Thriller Queen zu »Max Rhode: Die Blutschule« 27.03.2016
Ich habe eigentlich alle Bücher von Sebastian Fitzek mit Begeisterung gelesen und war sehr gespannt auf Blutschule und war total enttäuscht weil ich nicht nachvollziehen kann wie ein Autor der mich in seinen ganzen Büchern total begeistert hat und dann unter einem Pseudonym schreibt mich so enttäuschen kann weil das Buch würde ich weder in die Kategorie Thriller noch Horror einordnen es war leider nur Mist
Vienna zu »Max Rhode: Die Blutschule« 24.02.2016
Ich lese wirklich viel. Die Blutschule gehört - leider - zu den ganz wenigen Büchern, die ich schon nach den ersten paar Seiten eigentlich nicht mehr zu Ende lesen wollte. Ich habe es dann doch getan, aber schlicht weg nur, weil es mir sonst ganz ums Geld leid getan hätte. Mir persönlich ist die Geschichte viel zu abstrus, und diese Spiegelsache zu übernatürlich. Und die Spinnen die aus dem Mund kommen, erinnern mich doch sehr schwer an "The Green Mile". Da waren es halt Fliegen. Nur wenn man danach das Joshua Profil von Fitzek liest, wird das Buch - erträglich, und macht "Sinn".
Crimehands.com zu »Max Rhode: Die Blutschule« 13.02.2016
Max Rhode gibt es gar nicht. Er ist ein Pseudonym von Sebastian Fitzek, der sein Horror-Debut mit der „Blutschule“ feiert. Ein Buch, das komplett anders ist, als die meisten anderen Bücher Fitzeks – nein, nicht nur weil es ein anderes Genre ist. Fitzek schaffte es zwar in den meisten seiner anderen Werken, den Leser im ersten Drittel der Geschichte zu fesseln, danach flaute die Spannung allerdings zumeist ab. Das sind zumindest meine Erfahrungen mit Fitzek-Büchern.
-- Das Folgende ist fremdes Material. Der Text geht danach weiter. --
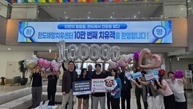 국내 최초 해양치유시설인 완도해양치유센터가 지난 주말 기준 누적 치유객 10만 명을 달성했다. 10만 번째 방문객은 광주광역시에서 친구와 함께 센터를 찾은 김아로 씨로 전복 세트와 센터 초대권을 경품을 받았다. 김 씨는 \"SNS에서 완도해양체유센터 체험 후기 영상을 보고 방문하게 됐는데, 10만 번째 치유객이 돼서 영광스럽다\"며 \"해양치유를 직접 해보니 스트레스가 풀리고 피부 보습에 너무 좋아서 꼭 재방문하고 싶다\"고 소감을 밝혔다. 완도해양치유센터는 해양기후·해수·해조류 등 천연 해양자원을 활용한 16개 해양치유 프로그램을 운영하며 웰니스 관광 명소로 자리매김하고 있다. 특히 해조류 거품·머드·저주파·스톤 테라피 등의 효과가 입소문을 타며 전국에서 발길이 이어지고, 재방문율도 높은 편이다. 센터는 지역민은 물론 가족 단위 여행객, 체험 학습 학생, 단체 관광객 등 다양한 계층에게 인기를 끌고 있다. 완도군은 이번 10만 명 달성을 기념해 환영 이벤트를 시작으로 10만 보 맨발 걷기 챌린지, 해양치유 건강 릴레이, 10만 축하, 포토존 SNS 인증 이벤트 등 다양한 행사를 9월 30일까지 진행한다. 신우철 완도군수는 \"치유객 10만 명 달성은 국민 건강 증진과 지역 관광 ·경제 활성화를 이끄는 의미 있는 성과\"라며 \"국내 최초라는 명성에 걸맞게 더 많은 사람들이 해양치유를 통해 심신을 회복할 수 있도록 양질의 서비스를 제공하겠다\"고 말했다.

Nicht aber so bei „Die Blutschule“, das ein Pageturner sondergleichen ist, welchen man in höchstens drei Tagen durch hat. Was allerdings auffällt, ist, dass der Kern der Geschichte erst zirka bei der Hälfte des Buches beginnt, was den Eindruck vermittelt, als hätte Fitzek alias Rhode zwar eine Idee gehabt, aber zu viele leere Seiten, also, dachte sich der Autor wohl, machen wir vorher noch ein bisschen Geplänkel. Es passt zwar alles zusammen, weil ohne diesen Vorlauf die restliche Handlung wenig Sinn ergäbe, aber so viele Seiten dafür zu verplempern war wohl nicht nötig – die Hälfte davon hätte allemal gereicht.

Es verwundert deshalb, dass trotz allem das Spannungsniveau über die ganze Zeit, die dieses Buch einnimmt – und das ist nicht viel –, permanent hochgehalten werden kann. Man hat irgendwie dennoch das Gefühl, dass man es mit einem ganz anderen Autor zu tun hat. Fitzek hat mit Max Rhode eine Figur erschaffen, die, zumindest scheint es so, völlig selbständig agiert und sich im Horror-Genre einen Namen machen kann, der seinem Erschaffer ebenbürtig ist. Ich jedenfalls freue mich schon jetzt auf weitere blutrünstige Romane von Max Rhode.